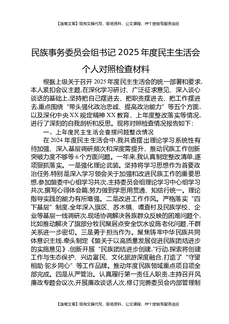 民族事务委员会党组书记2025年度民主生活会个人对照检查材料.docx
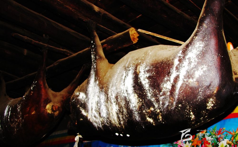 “臭豬肉”的制作過程和來歷:豬用玉米和麥子喂肥后,用繩索套豬頸勒死,在其胸開一小口將豬心血脈弄斷,使肉中的血全部流回到內(nèi)臟中,再把所有的內(nèi)臟從小口中取出,并填上青稞、麥子等谷物后縫合,再用灶灰和紅土塞住七竅,把氣吹脹,埋在麥糠中10余天吸干水,取出掛在灶上的房梁上自然煙熏數(shù)年即成。其懸掛年限可達(dá)10年以上,最長(zhǎng)的可達(dá)30余年。食用時(shí),隨用隨取,做法也很多,可生吃,可煮食,也可熬湯。扎壩人多愛生吃,初嘗入口難適,多食后方覺滿口濃香,回味無窮。過去是為防備戰(zhàn)事而儲(chǔ)備食品,后來就逐漸成為當(dāng)?shù)氐囊环N飲食習(xí)俗和主要食品了。
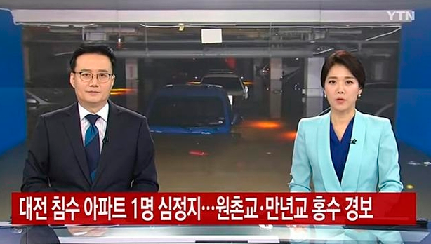 당시에 보도 화면에서 보여준 것은 물이 잔뜩 올라온 도로 영상과 함께 "대전 침수 아파트 1명 심정지...원촌교,만년교 홍수 경보"라는 자막이 함께 나오고 있었던 시점이었다.
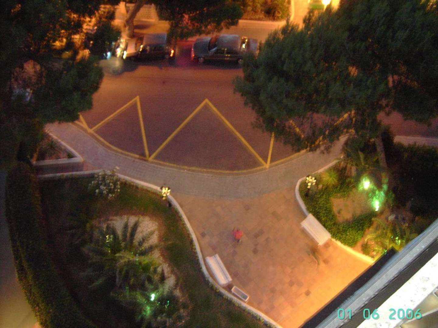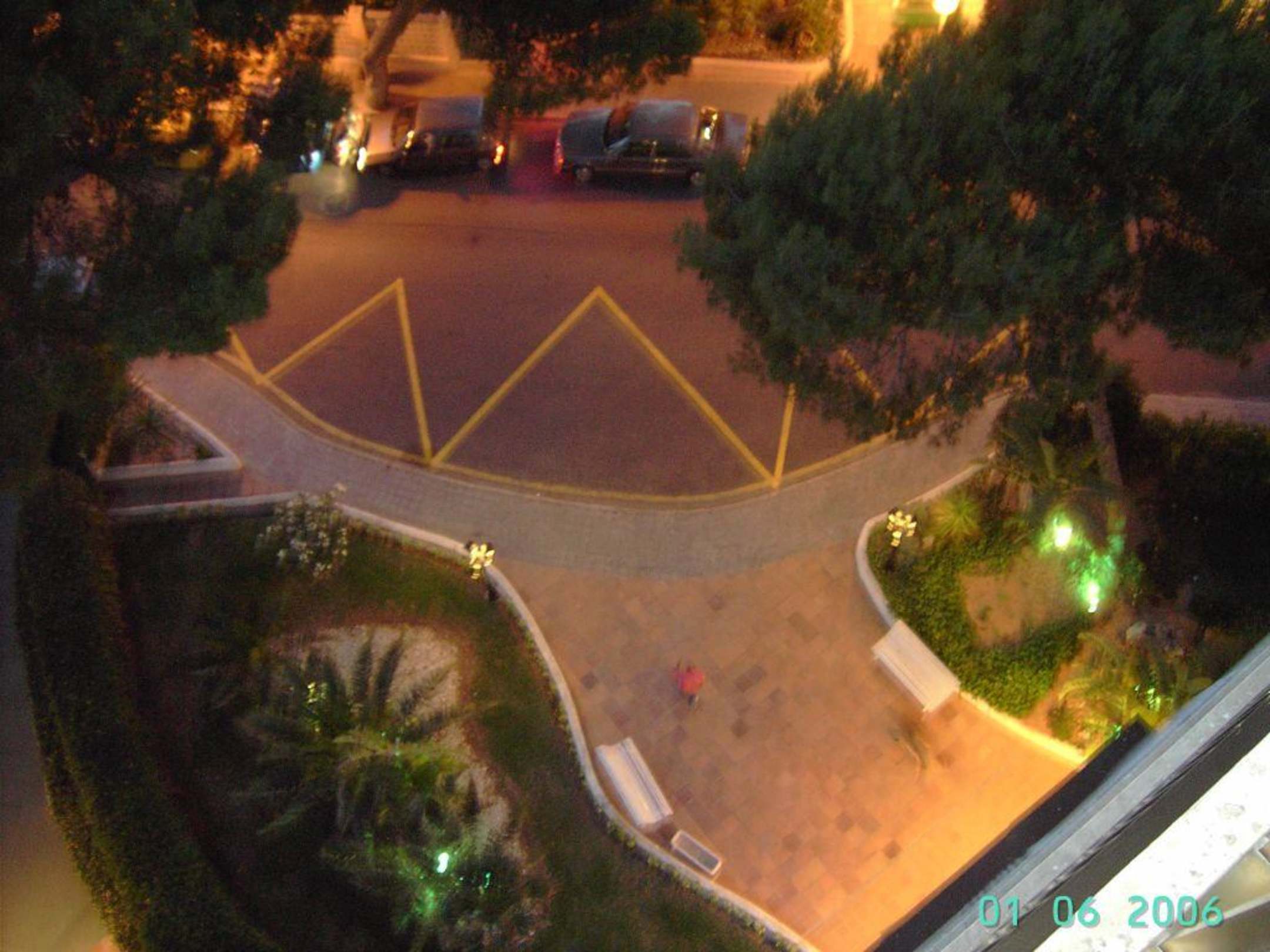 Blick vom Balkon auf den Hotelvorplatz/Eingang
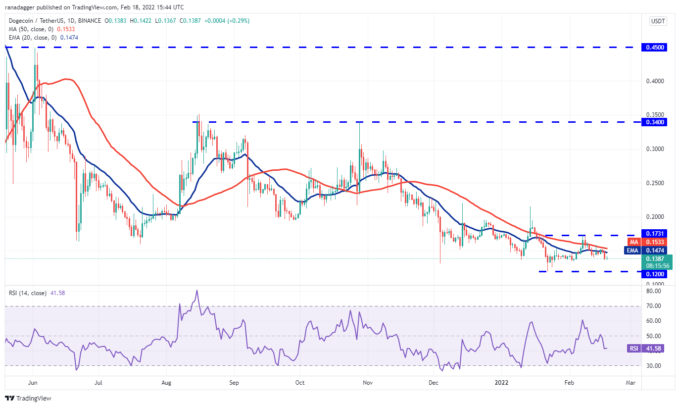 Dogecoin (DOGE) turned down from the 50-day SMA ($0.15) on Feb. 16, suggesting that bears are selling on relief rallies to this resistance.
===============
**Task**
From the first line to the last, output the data exactly, without the pictures.

**Exercise answer**
 民族事务委员会党组书记2025年度民主生活会个人对照检查材料.docx
 “臭豬肉”的制作過程和來歷:豬用玉米和麥子喂肥后,用繩索套豬頸勒死,在其胸開一小口將豬心血脈弄斷,使肉中的血全部流回到內(nèi)臟中,再把所有的內(nèi)臟從小口中取出,并填上青稞、麥子等谷物后縫合,再用灶灰和紅土塞住七竅,把氣吹脹,埋在麥糠中10余天吸干水,取出掛在灶上的房梁上自然煙熏數(shù)年即成。其懸掛年限可達(dá)10年以上,最長(zhǎng)的可達(dá)30余年。食用時(shí),隨用隨取,做法也很多,可生吃,可煮食,也可熬湯。扎壩人多愛生吃,初嘗入口難適,多食后方覺滿口濃香,回味無窮。過去是為防備戰(zhàn)事而儲(chǔ)備食品,后來就逐漸成為當(dāng)?shù)氐囊环N飲食習(xí)俗和主要食品了。
 당시에 보도 화면에서 보여준 것은 물이 잔뜩 올라온 도로 영상과 함께 "대전 침수 아파트 1명 심정지...원촌교,만년교 홍수 경보"라는 자막이 함께 나오고 있었던 시점이었다.
 Blick vom Balkon auf den Hotelvorplatz/Eingang
 Dogecoin (DOGE) turned down from the 50-day SMA ($0.15) on Feb. 16, suggesting that bears are selling on relief rallies to this resistance.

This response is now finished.